Sayın bölge müdürüm; belediyelerimiz, park ve bahçelerinde,cami görev lileri cami avluluarında,öğretmenler okul bahçelerinde en azından oturma grupları görmek istiyorlar. İsterler ki Orman Teşkilatımızın tesislerinde ağaçtan oturma grupları üretilsin ve dağıtılsın. Bu da orman teşkilatının bir armağanı olsun. Ben elçiyim. Elçiye zeval olmaz. Naçizane sembolik te olsa piknik masaları,oturakları hepimizi sevindirecektir. Çok ta güzel olur diye düşünüyorum. Ayrıca bir arzum daha var. Göğüs hastalıkları için birebir olarak tavsiye edilen kozalak reçelini Kütahya’da kurulacak bir mini tesiste üretebilir miyiz? yapabilir miyiz?Bölge müdürlüğünün bu konuda bir katkısı söz konusu olabilir mi? Veya bir kuruluş bu işe soyunsa bölge müdürlüğümüz kendilerine yardımcı olabilir mi?

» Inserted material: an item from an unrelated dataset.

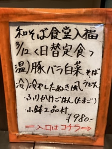 夜の部日替わりメニュー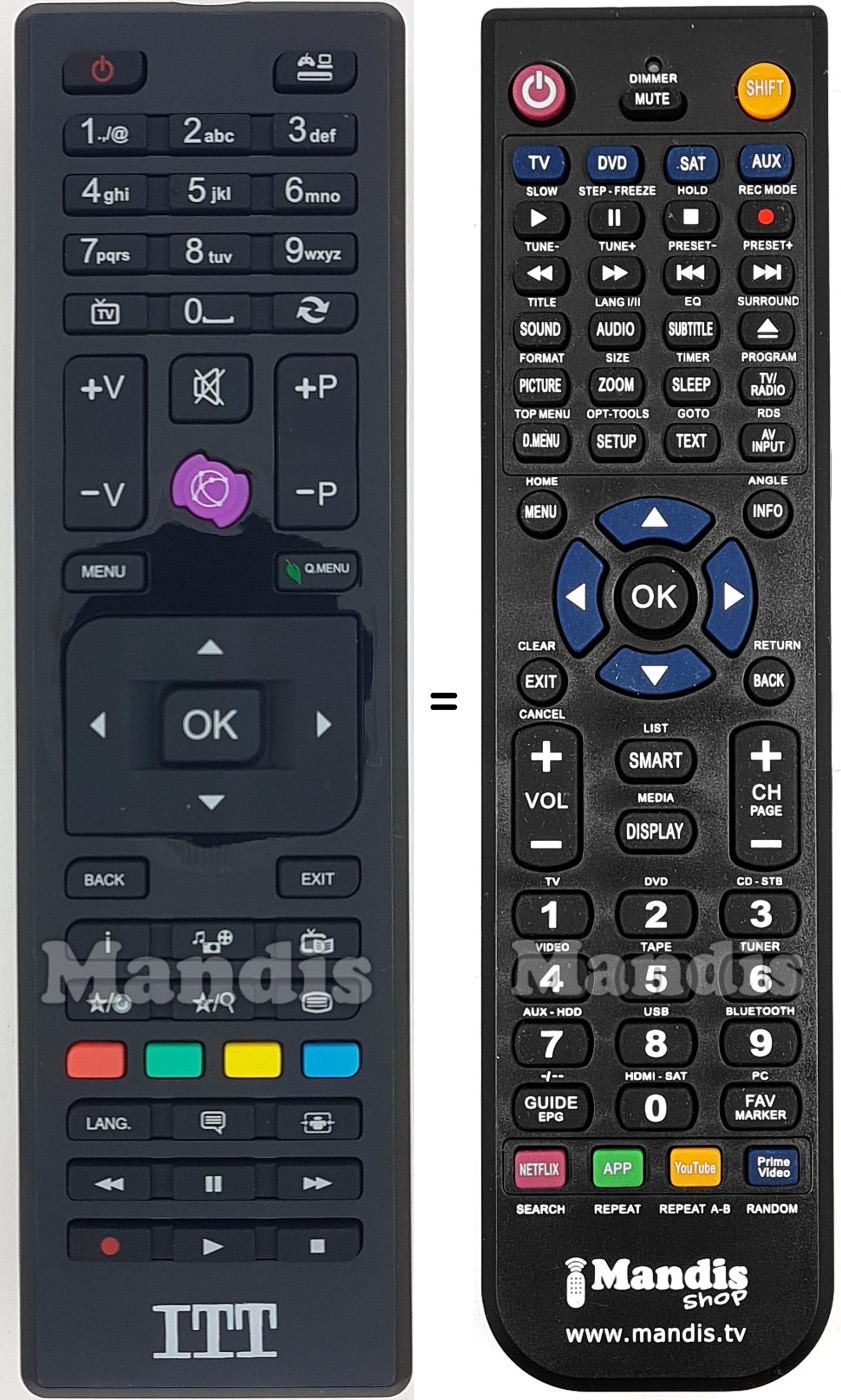 A continuació, us mostrarem la correspondència entre cada un dels botons del comandament original i el botó que realitza la mateixa funció en el comandament de substitució. En alguns casos, és possible que necessiti prémer la tecla SHIFT abans de prémer un altre botó per realitzar certes accions. Aquestes funcions addicionals sovint no s'utilitzen gaire i s'inclouen per facilitar la comprensió del comandament de substitució, o perquè el comandament original té més botons que el seu equivalent.

ÜLKEMİZDE BÖYLE GÜZEL İNSANLAR DA VAR
Erzincanlı bir mütevazi ailenin bireylerinden,bir hanım kızımız;beni telefonla arayarak bir konuda yardımı istedi. Yanlış anlaşılmasın; yeni çıkardığı bir kitabı hakkında bir haber yazmamı istedi. Memnuniyetle kabul ettim. Kendisini tanımıyorum. Tavşanlı’da,Kütahya’nın en yetkili,resmi kimlik sahibi,hayvansever çocuğu Necdet Demirat’ı aramış. O da beni işaret etmiş.
Konu şu; Bu hanım kızımızın bir kitabı çıkmış.Kitabının adı”Devrimin Mavi Yıldızı”. konusunu bilmiyorum. Beni asıl ilgilendiren husus, bu kitabın gelirinin SMA Hastalarına, İşsiz güçsüz kalmış sanatseverlere,ilgi bekleyen sokak hayvanlarına dağıtılacak olması.
İnsani açıdan önem arzediyor. Kitap 1000 adet bastırılmış. Us Yayınlarından. 16 Haziran 2021 tarihinde kitapseverlere sunulmuş . Ankara Kitap Fuarı’nda ARMADA AVM’de hayırseverleri bekliyor. Kızımızın adı Candan Turan İstanbul doğumlu,Erzincan kökenli bir ailenin iyiliksever kızı.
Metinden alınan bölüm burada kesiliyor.